We have seen this with databases (MySQL and SQLite), operating systems (Linux), and web servers (NGINX, Apache) as examples. The storage industry really wants an open source option and we believe that Ceph has reached this credibility. It is the true ‘Swiss Army knife’ of storage with its ability to do block, object and file storage with a focus on consistency and correctness before any other factor. Apache and Linux arguably won because of this approach.

A white paper capturing our thoughts on this matter can be found here. 

B&F: How would you compare and contrast Spectrum Scale (GPFS) and Lustre with Ceph?

Van der Schyff: GPFS and Lustre have a distinct sector of their own within the storage market as a whole. Lustre and GPFS are known for scale and performance and they are very good at what they do. Ceph is a more ambitious and wide-ranging storage technology that has a very active and open development community that is involved in many trends of technology that consume storage (and therefore Ceph). 

In certain corners of industry GPFS and Lustre are an obvious choice where requirements are distinctly polar. Looking forward many consumers of storage have to make strategic and not polar choices on storage technology.
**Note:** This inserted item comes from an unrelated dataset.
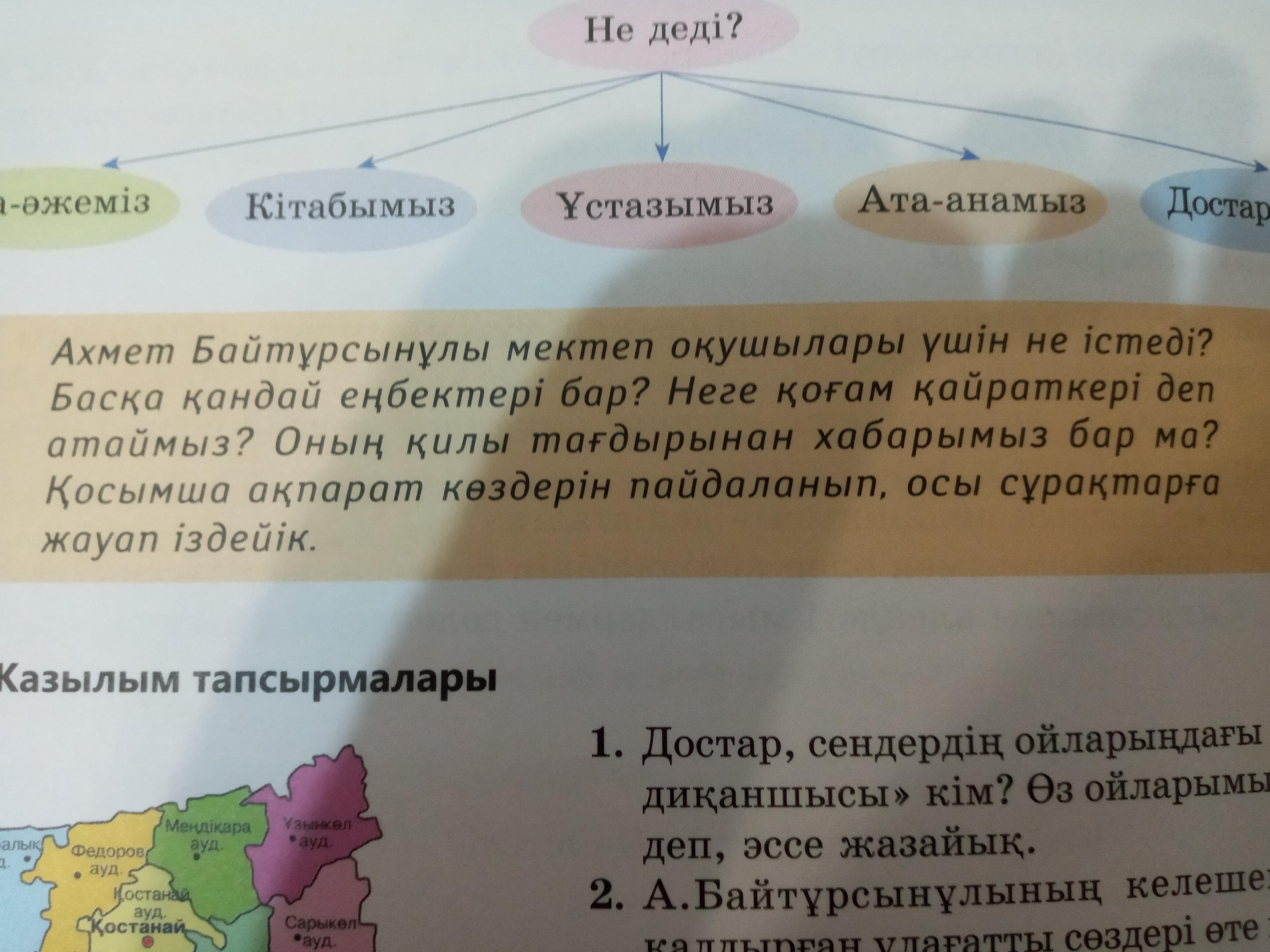 Ахмет Байтұрсынұлы-қазақтың ақыны, әдебиет зерттеуші ғалым, түркітанушы, публицист, педагог, аудармашы, қоғам қайраткері.Қазақ тілі мен әліппесіне араб жазуларынан аударды. 24 таңбадан тұратын "Қазақ жазуы" кітабын жазды. Ахмет Байтұрсынұлы Қоғам Қайраткері де болған ол "Алаш" партиясының қатарында болған.Қазақстан Халық ағарту комиссариаты жанындағы ғылыми-әдеби комиссияның төрағасы, Халық ағарту комиссары,ҚР ОАК-нің мүшесі, Түркістан Компартиясы ОК-нің органы «Ақ жол» газетінде қызметкері болған.1937 ж. тамыз айында Ахмет Байтұрсынұлы тағы да қамауға алынған, алты айдан соң, желтоқсанның 8 «халық жауы» есебінде атылған.

Federated data lakes, technology leverage and consolidated support and operations are possible with Ceph. With a targeted hardware platform with portfolio choices with targeted acceleration will blur the void between these worlds.

B&F: Where do you think the most storage innovation is taking place?

Van der Schyff: Storage media innovation is rapid and very competitive. Technologies like 3D flash are showing densities that rival spinning media but with a quantum leap in performance. Quietly, the hard drive vendors have to stay relevant and are doing some impressive work, although this is not popular press.

Open Source is starting to become an ever more credible way of doing scale and enterprise storage. Ceph is arguably one of the widest ranging and fastest moving projects in this space.

B&F: What does the Ceph roadmap look like?

Van der Schyff: It is very active, moving very fast in terms of feature enhancements and has a focus on improved ease of use through management, containerization, and performance increases in areas like CephFS. The Ceph community is very active, at both an individual and organisational level, with a very focused and competent leadership group.

B&F: What are the near- and mid-term goals for SoftIron?

Van der Schyff: Build out a portfolio of HyperDrive products. Fill out other areas of our technology platform and make the very best Ceph product we can, and serve our customers on their terms. Also, as evidenced by our joining the Ceph Foundation, we look forward to leading – and contributing to – the future of Ceph, and demonstrating its undeniable role in delivering world-class enterprise storage solutions.

B&F: How many staff does it have and is new funding being sought?

Van der Schyff: The company is small but with a presence in the United Kingdom and the United States. The company is aggressively scaling, and we expect to double in size over the next 12 months. SoftIron is currently closing an investment round of growth capital.